In one typical example, Fox Business host Lou Dobbs branded Operation Castaway "a second version of the botched operation Fast and Furious" during his July 11 broadcast.
And who was their source for this information? Why, the far-right wingnutosphere's nastiest and nuttiest elements, of course -- a militiaman straight out of a 1990s caricature:
There is no evidence in the court files to support Dobbs' claims and he offered no original reporting to back them up. Instead, he relied on references to "new reports" and "allegations" without revealing their dubious origin--anonymously sourced blog items on conspiratorial websites.

The first of these posts appeared July 6. It was headlined "Breaking News: Source claims ATF's Tampa SAC walked guns to HONDURAS! Part of Operation Castaway?" [SAC is an acronym for Special Agent in Charge.] Citing "private correspondence from a proven credible source," the blog item reported that Tampa ATF deliberately facilitated the smuggling of firearms to Honduras "using the techniques and tactics identical to Fast and Furious."

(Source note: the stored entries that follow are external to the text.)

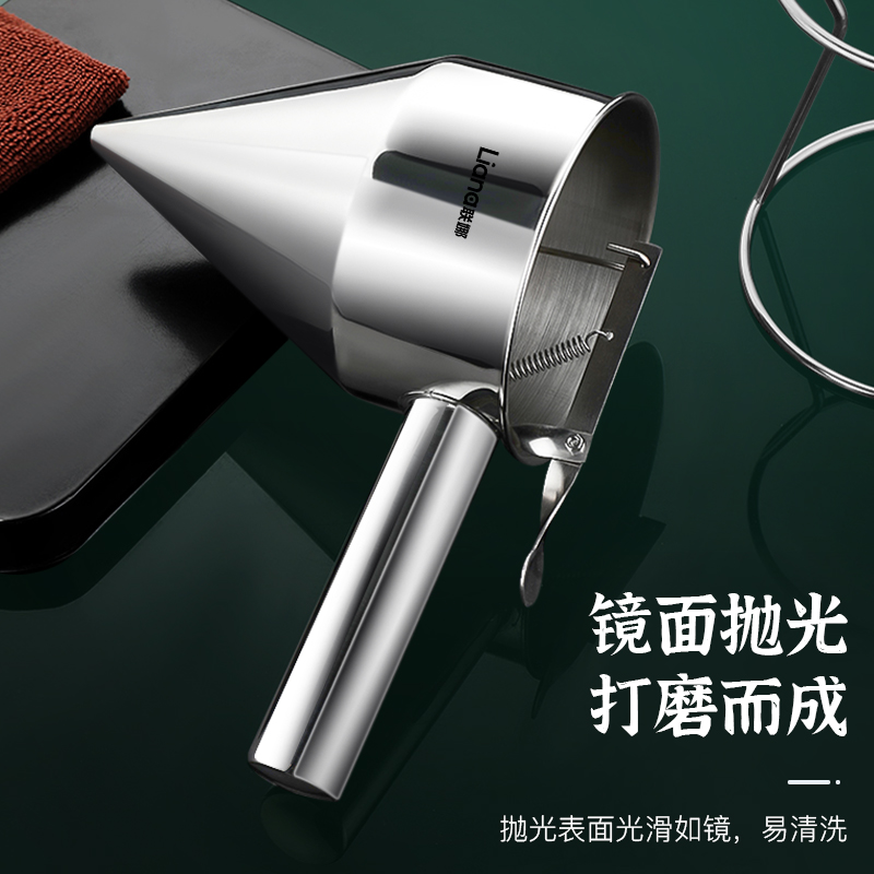 联娜章鱼小丸子漏斗锥形面糊漏斗鱼丸不锈钢鱼丸漏斗带架把手可拆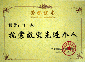 · 2008年12月,丁杰董事長(zhǎng)榮獲“抗震救災(zāi)先進(jìn)個(gè)人”榮譽(yù)稱號(hào)
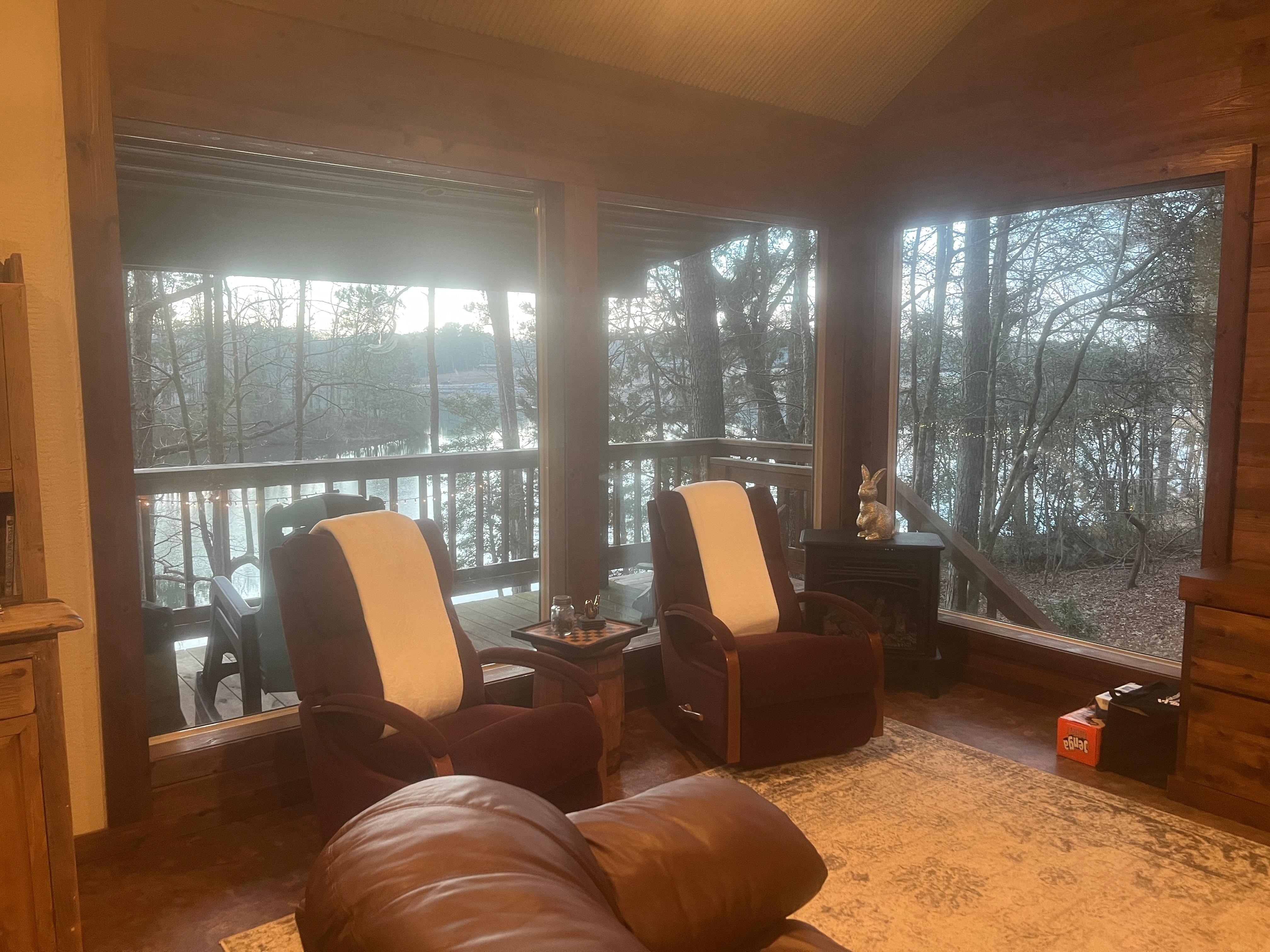 Enjoy your morning coffee accompanied by the delightful sights and sounds of nature—birds, squirrels, ducks, geese, eagles, otters, and deer frequent the cozy retreat.

The July 6 blog item was republished with no additional reporting by dozens of pro-militia and other right-wing websites. It jumped to Fox News in the July 8 broadcast of Special Report with Bret Baier, which featured an interview with "online journalist" Mike Vanderboegh, one of the bloggers who posted the original item. Vanderboegh was a leading figure in the 1990s militia movement who more recently led the Alabama Minuteman Support Team, a border vigilante group, according to the Southern Poverty Law Center. Vanderboegh was also one of the first to report on the failed Fast and Furious investigation.

"Mike Vanderboegh communicates with a host of ATF agents daily on his web site," said Fox News reporter William La Jeunesse. "Agents told him Wednesday Operation Castaway out of the Tampa office, also knowingly sold guns to criminals, in this case, 1,000 to buyers for the violent drug gang, MS-13. Those guns to Honduras."

La Jeunesse gave no indication that he'd made any attempt to confirm Vanderboegh's story. He simply gave the blogger a national platform.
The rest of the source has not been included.